Some legislation compels data sharing to occur for a specific reason and other legislation creates discretionary powers to share confidential information where it is necessary and proportionate to do so.

For example, where it is impossible or impracticable to gain the consent of individuals for medical research and the use of anonymised information would not achieve the desired outcome, researchers can apply for the duty of confidentiality to be temporality lifted. This is achieved though Section 251 of the National Health Service Act 2006 and its current Regulations, The Health Service (Control of Patient Information) Regulation 2002.

The ‘gateways’ through which information can be shared must be detailed in the application, with due reference to the:

  • express statutory powers – these are powers expressly conferred by specific legislation (such as an Act of Parliament)
  • implied statutory powers – these are powers that are not necessarily explicitly set out in the legislation but are properly and reasonably regarded as incidental to the express power
  • prerogative and common law powers – these are powers that can be exercised by government ministers to do things which are ancillary or incidental to the ordinary business of central government but are limited by the restraints of public law and constitutional principle

Health Service (Control of Patient Information) Regulations 2002

In England and Wales, Section 251 of the NHS Act 2006 (originally section 60 of the Health and Social Care Act 2001) provides a temporary gateway to permit the use of patients’ medical information without their consent. Such disclosures are permissive, not mandatory.

Where support has been obtained under the Regulations and will operate as the gateway to set aside the common law duty of confidentiality, the application must include:

  • a copy of the section 251 support approval letters, including amendments
  • copies of documents reviewed by the approving body
  • confirmation of current support (for example presence on the Confidentiality Advisory Group (CAG) register and/or the applicant’s latest annual review submission)

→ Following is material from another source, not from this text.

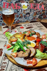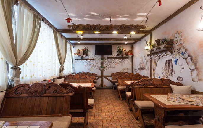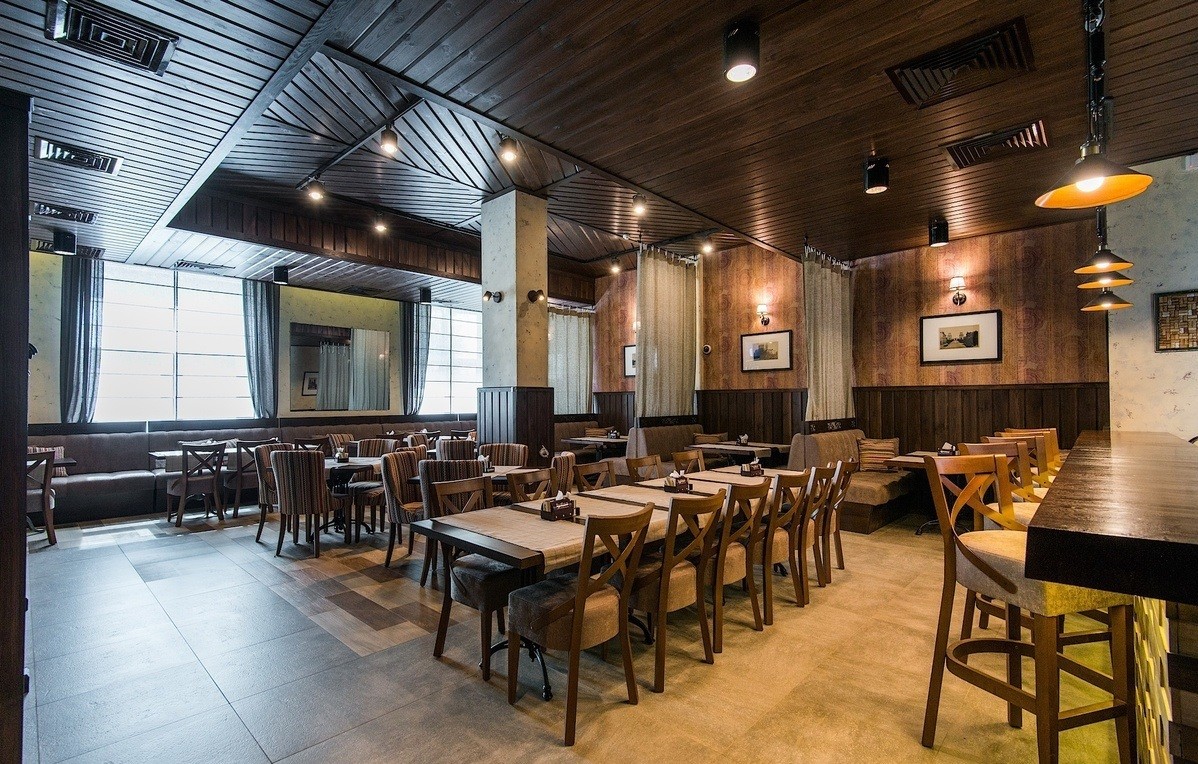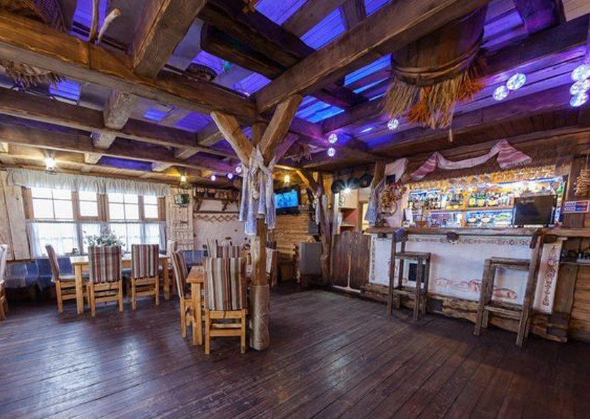 Уютный ресторан с охотничьим интерьером. Два зала на 50 и на 20 персон. Обеденное меню с 11:00 до 16:00.

Processing of anonymised data does not fall within the scope of the Regulations as access to anonymised information would not involve a breach of confidentiality.

It is expected that before completing an application for support under the Regulations, all reasonable alternatives to the processing of confidential patient information are considered. These must be discussed with UKHSA prior to submitting an application for any approvals. Where UKHSA is supportive of the project, the Data Release and Acquisition team will provide a letter of support that can accompany the application.

Guidance on the application process to the CAG is available from the HRA.

All processing of confidential patient information that relies on Regulation 5, unless specifically exempted by the Secretary of State, will require the National Data Opt-Out to be upheld. For further information, see Approval standards and guidelines: national data opt-out.